Думая о будущем, я тренировался делать полные, дотошные конспекты лекций по всем курсам. Спустя более шестидесяти лет у меня всё ещё сохранилась большая часть этих тетрадей, и я часто обращался к ним за полезной справочной информацией. Я также выработал привычку учиться или работать весь день, семь дней в неделю, без выходных. Мне пришлось перейти на такой режим, поскольку программа обучения была крайне интенсивной. Привыкнув к нему, я продолжал насколько мог придерживаться его на протяжении всей своей жизни. Перефразируя Шантидеву: если ты любишь своё дело, ты не счастлив, когда им не занят.
Нас шестерых на принстонской программе приняли в Общество Уилсона, у которого был свой обеденный зал, гостиная, комната отдыха и библиотека – что-то вроде альтернативы эксклюзивным обеденным клубам. Там находили пристанище и более интеллектуальные студенты, и битники. Раз в месяц общество проводило коктейльную вечеринку, на которую приглашались профессора, и также они могли бесплатно обедать вместе с нами в столовой на постоянной основе. Большинство занятий включало наставничество: мы делились на группы по пять-десять человек для непринуждённых бесед с профессором. Это была идеальная среда для моего роста.
Были и другие возможности учиться у профессоров за пределами лекционных аудиторий. Например, профессор Чэнь Дадуань – преподаватель китайского, который также преподавал мне в летней школе при Гарварде, – обучал нас каллиграфии. Мы учились писать китайские иероглифы традиционным способом: сами готовили тушь, растирая чернильный блок, и рисовали кистью. Профессор Моут, преподаватель китайской философии, приглашал нас к себе домой, где был бамбуковый сад, похожий на те, которые, как я представлял, посещали Семь мудрецов из бамбуковой рощи. Его жена-китаянка готовила для нас настоящие сычуаньские блюда, и мы ели их в роще, обсуждая философию. Будучи впечатлительным восемнадцатилетним юношей, я влюбился в классическую китайскую культуру. В результате у меня возникла неприязнь к упрощённым иероглифам, которые поэтапно вводились в КНР, и я их так и не выучил. Теперь, когда по работе приходится с ними сталкиваться, мне трудно их читать.

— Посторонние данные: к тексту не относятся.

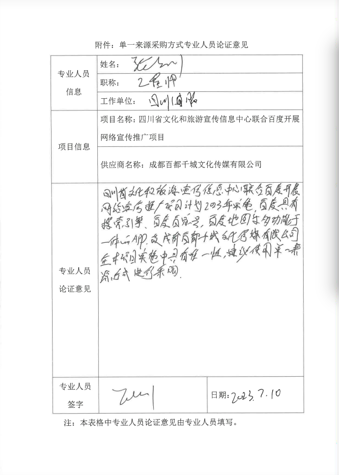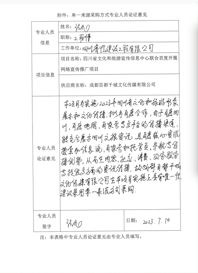 鉴于成都百都千城文化传媒有限公司是百度在四川地区唯一的联合运营方,并对同类项目完成度较好,考虑到宣传服务的延续性和运营方在四川地区的唯一性,因此建议该项目采用单一来源方式向成都百都千城文化传媒有限公司采购。

Летняя школа Стэнфорда и последний курс Принстона
Следующим летом, в 1964 году, я получил «Иностранную языковую стипендию в интересах национальной обороны» на прохождение интенсивного курса классического китайского в Стэнфордском университете. Курс вела пожилая китаянка, придерживавшаяся традиционного метода: мы заучивали текст урока, а в начале каждого дня по одному вставали и декламировали вчерашний текст наизусть. На устной части итогового экзамена она произносила первые слова отрывка, а мы должны были продекламировать остальное. Такая тренировка очень помогла в дальнейшей учёбе – и в Гарварде, и в Индии.
В конце моего третьего года в Принстоне меня избрали в академическое почётное общество «Фи бета каппа» при Ратгерском университете. Хотя Ратгерс был заинтересован в моём возвращении для завершения последнего года, мне там уже нечего было изучать в сфере китаистики. Поэтому вместо возвращения в Ратгерс я попросил разрешения провести завершающий год в Принстоне. Чтобы не выглядело так, будто Принстон переманивает студентов из других университетов, мне присвоили звание стипендиата имени Генри Ратгерса. Я мог проходить все курсы в Принстоне, а программа по изучению важнейших языков финансировала мою учёбу, хотя дипломную работу я должен быть представить в Ратгерсе. Таким образом Ратгерс смог присудить мне степень бакалавра по востоковедению, хотя полноценная программа по азиатским языкам и культурам была учреждена там лишь в 1969 году.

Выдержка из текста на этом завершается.